** THE TASK **
Please retype the entries exactly as they stand, leaving out any pictures.

▬▬▬▬▬▬▬▬▬▬

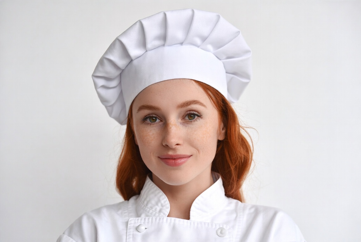 A young woman with long red hair and freckles wears a tall white chef's hat and matching chef's jacket. She stands smiling at the camera against a plain white background. Her green eyes and subtle makeup are visible in the close-up portrait.
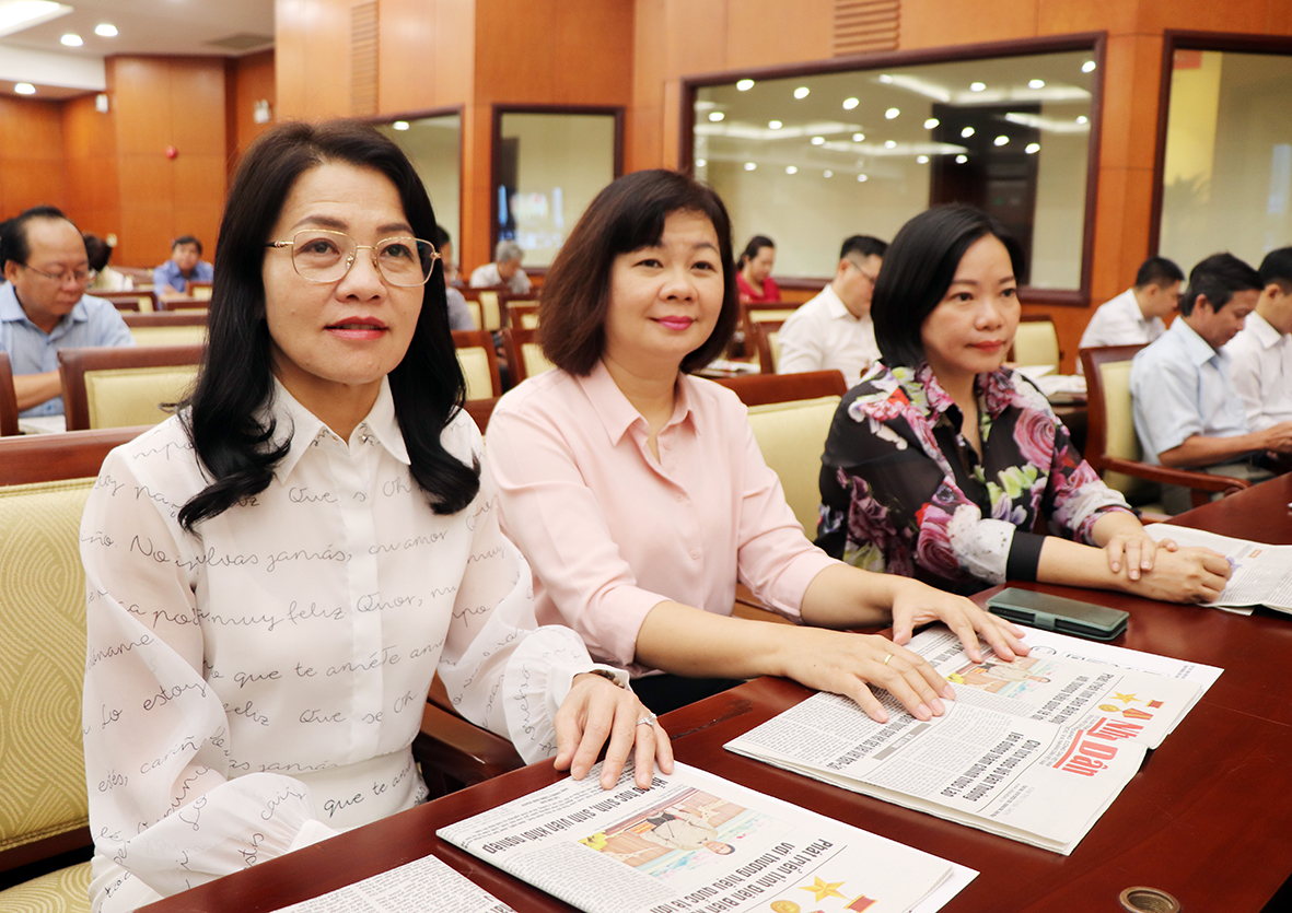 Đồng chủ trì hội nghị có các ông: Lê Quốc Minh, Ủy viên Trung ương Đảng, Tổng Biên tập Báo Nhân dân; Nguyễn Văn Hiếu, Ủy viên Dự khuyết Trung ương Đảng, Phó Bí thư Thành ủy TP. Hồ Chí Minh; Nguyễn Ngọc Hà, Phó Tổng Biên tập Tạp chí Cộng sản.
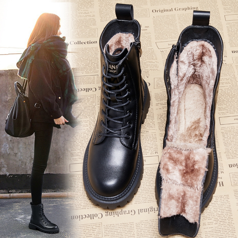 女靴子靴子韩版潮时尚保暖防滑短靴圆头粗跟
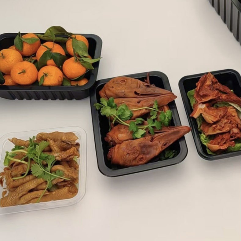 公司最新产品锁鲜牛排牛扒包装盒,一次性塑料生鲜鸡包装盒,耐低温速冻,耐高温杀菌蒸煮,可以充氮气封口,也可以定制款式颜色,深受国内外食品生产企业的好评!
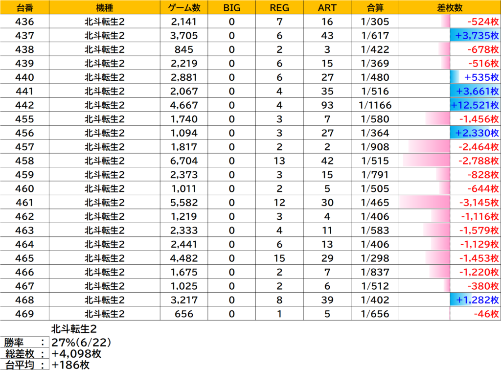 | 1 | 北斗転生2 | 442 | +12,521枚 |
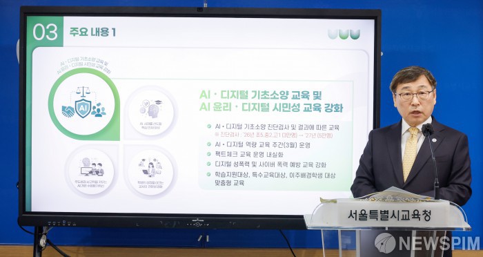 [서울=뉴스핌] 류기찬 기자 = 정근식 서울시교육감이 23일 오전 서울 종로구 서울특별시교육청에서 ‘초중고 AI 교육 종합계획 발표 기자회견’을 열고 있다. 2025.12.23 ryuchan0925@newspim.com

▬▬▬▬▬▬▬▬▬▬

** RESPONSE TO THIS EXERCISE **
 A young woman with long red hair and freckles wears a tall white chef's hat and matching chef's jacket. She stands smiling at the camera against a plain white background. Her green eyes and subtle makeup are visible in the close-up portrait.
 Đồng chủ trì hội nghị có các ông: Lê Quốc Minh, Ủy viên Trung ương Đảng, Tổng Biên tập Báo Nhân dân; Nguyễn Văn Hiếu, Ủy viên Dự khuyết Trung ương Đảng, Phó Bí thư Thành ủy TP. Hồ Chí Minh; Nguyễn Ngọc Hà, Phó Tổng Biên tập Tạp chí Cộng sản.
 女靴子靴子韩版潮时尚保暖防滑短靴圆头粗跟
 公司最新产品锁鲜牛排牛扒包装盒,一次性塑料生鲜鸡包装盒,耐低温速冻,耐高温杀菌蒸煮,可以充氮气封口,也可以定制款式颜色,深受国内外食品生产企业的好评!
 | 1 | 北斗転生2 | 442 | +12,521枚 |
 [서울=뉴스핌] 류기찬 기자 = 정근식 서울시교육감이 23일 오전 서울 종로구 서울특별시교육청에서 ‘초중고 AI 교육 종합계획 발표 기자회견’을 열고 있다. 2025.12.23 ryuchan0925@newspim.com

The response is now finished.